Zusammen mit seinem Team forscht Professor Martin Horstmann an einer Variante der zellulären Immuntherapie, um Kinder mit einer Hochrisiko-ALL gezielt und wirkungsvoll behandeln zu können. Für die bereits in der Behandlung der ALL zugelassene CAR-T-Zell-Therapie (chimäre Antigen Rezeptor T-Zell-Therapie) werden patienteneigene T-Zellen benötigt, die jedoch nach vorangegangener intensiver Chemotherapie oft nicht mehr in ausreichender Zahl aus dem Patienten gewonnen werden können. Die Hamburger Krebsforscherinnen und -forscher wollen deshalb Immunzellen einsetzen, die aus pluripotenten Stammzellen fremder Spender im Labor hergestellt werden. Hierbei werden gen-modifizierte Natural Killer (NK) Zellen geschaffen, die im Gegensatz zu fremden T-Zellen nach bisherigem Kenntnisstand keine Transplant-gegen-Empfängerreaktion hervorrufen und deshalb unabhängig vom Gewebemuster des Spenders universell eingesetzt werden können. Gezielte genetische Veränderungen werden an den Natural-Killer Zellen vorgenommen, um die Zielpräzision und Ausdauer der Immunzellen zu steigern.
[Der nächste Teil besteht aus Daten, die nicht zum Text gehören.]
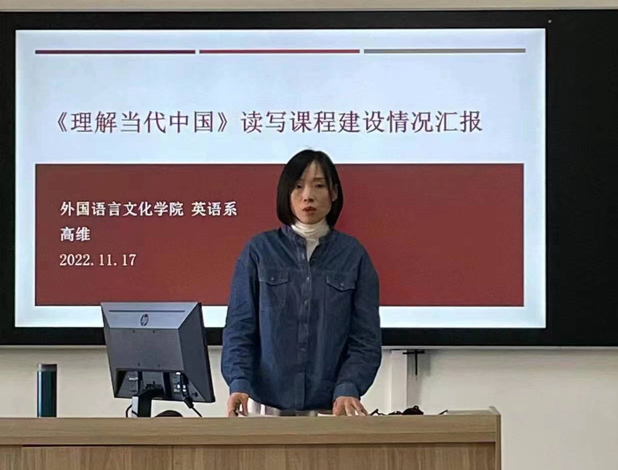 英语系主任任佳佳老师介绍了《理解当代中国》英语系列课程建设的整体情况,通过组建教学团队、理论学习和参加教育部的虚拟教研室交流活动,英语系教师积极探索将立德树人的目标贯穿到英语类专业教育每一个环节的创新路径。《理解当代中国》汉英翻译主讲教师毕凌成、演讲团队负责人李筠、高级英语读写主讲教师高维分别从课程目标、大纲编写、核心概念理解、语料库建设、MOOC资源建设和考核方式等实施要点进行案例分析,展示了课程思政的教学成果和教学设计理念。通过研讨,英语系全体教师认为英语类专业课程既蕴含着丰富的人类文化基因和价值范式,又因语言工具价值与人文价值并存的特点,在实践理想信念教育,传承中华文明这一教育精神方面大有可为。

Unter der Leitung von Dr. Peter Nollau werden spezielle, auf Zuckermoleküle abzielende CAR T-Zellen zur Therapie von Tumorerkrankungen entwickelt. Zucker, die an Proteinen auf der Zelloberfläche hängen, dienen der interzellulären Kommunikation. Dendritische Immunzellen können anhand solcher komplexer Zuckermuster (Glykosylierung) Krankheitserreger von körpereigenen Zellen unterscheiden. Auch Krebszellen bilden Zuckerstrukturen aus, die sie von gesunden Zellen unterscheiden und auf diese Weise als therapeutischer Angriffspunkt dienen können. Um auf veränderte Zuckerstrukturen abzuzielen, werden sogenannte Gykorezeptoren statt bislang etablierter Antikörper als Chimeric Antigen Receptoren (CAR) in T-Zellen eingebaut.
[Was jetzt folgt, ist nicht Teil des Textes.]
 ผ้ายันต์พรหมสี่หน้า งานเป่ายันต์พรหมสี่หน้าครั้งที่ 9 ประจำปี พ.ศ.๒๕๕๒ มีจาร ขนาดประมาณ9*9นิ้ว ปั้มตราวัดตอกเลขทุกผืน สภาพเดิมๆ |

Nach dem Studium der Humanmedizin in Marburg und Münster promovierte Martin Horstmann an der medizinischen Fakultät der Universität Münster 1988 zum Doktor der Medizin. Als Arzt nahm er seine wissenschaftliche Tätigkeit im pathologischen Institut der Universität Köln auf und absolvierte seine klinische Ausbildung zum Facharzt für Kinderheilkunde mit den Schwerpunkten pädiatrische Hämatologie, Onkologie und Stammzelltransplantation am Universitätsklinikum Hamburg-Eppendorf.
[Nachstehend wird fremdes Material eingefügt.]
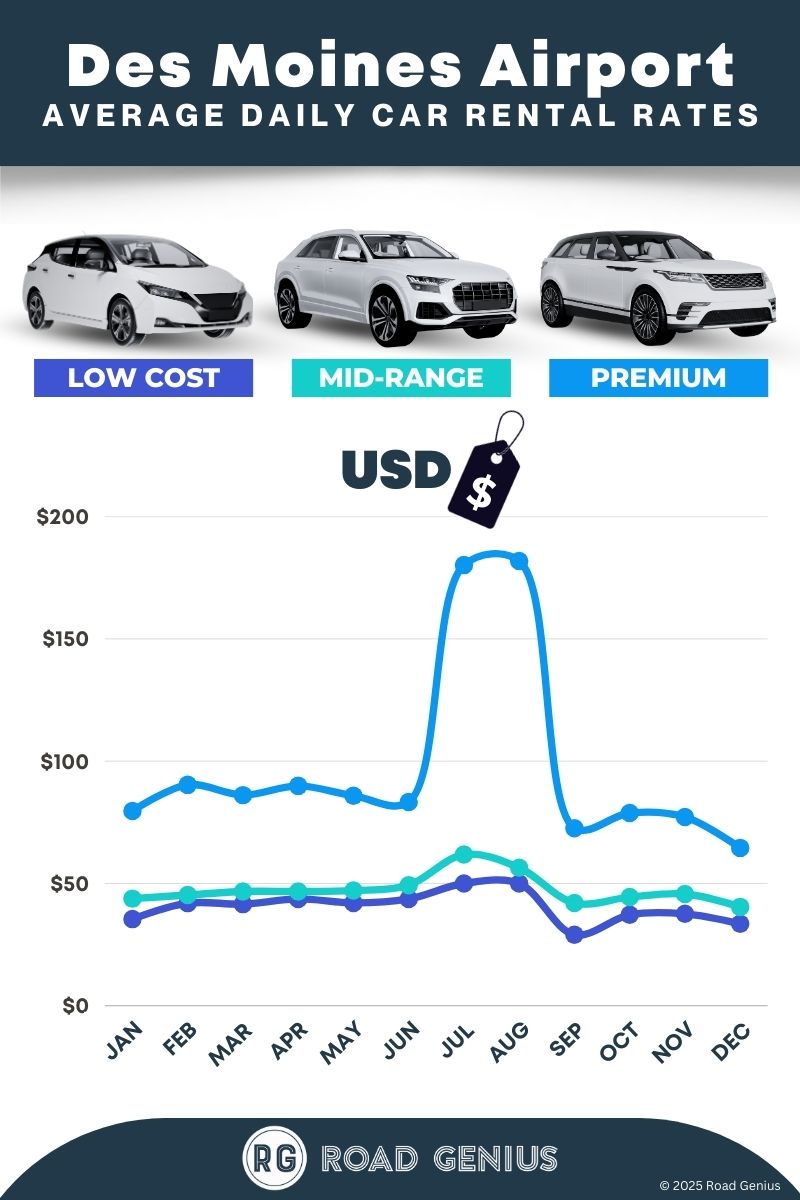 On average, car rentals at Des Moines Airport cost around $62 per day, with the lowest-priced rentals starting at $29 per day.

Seine langjährigen Forschungsarbeiten am Dana Farber Cancer Institute und an der Harvard Medical School in Boston, USA, in den Jahren 1997-2000 bilden die Grundlage für seine aktuellen Forschungsarbeiten. Nach seiner Rückkehr nach Deutschland war er langjährig als Arzt und Wissenschaftler am Universitätsklinikum Hamburg-Eppendorf tätig. Seine Forschungsaktivitäten konzentrieren sich auf die Biologie akuter Leukämien des Kindesalters und auf grundlegende Mechanismen zellulärer Kommunikation und transkriptioneller Regulation in Tumorerkrankungen. Das Ziel dieser Arbeiten ist ein neues molekulares Krankheitsverständnis zu schaffen, das in die Diagnose, in die risikoangepasste Behandlung und in die Prävention von Krebserkrankungen einfließen wird.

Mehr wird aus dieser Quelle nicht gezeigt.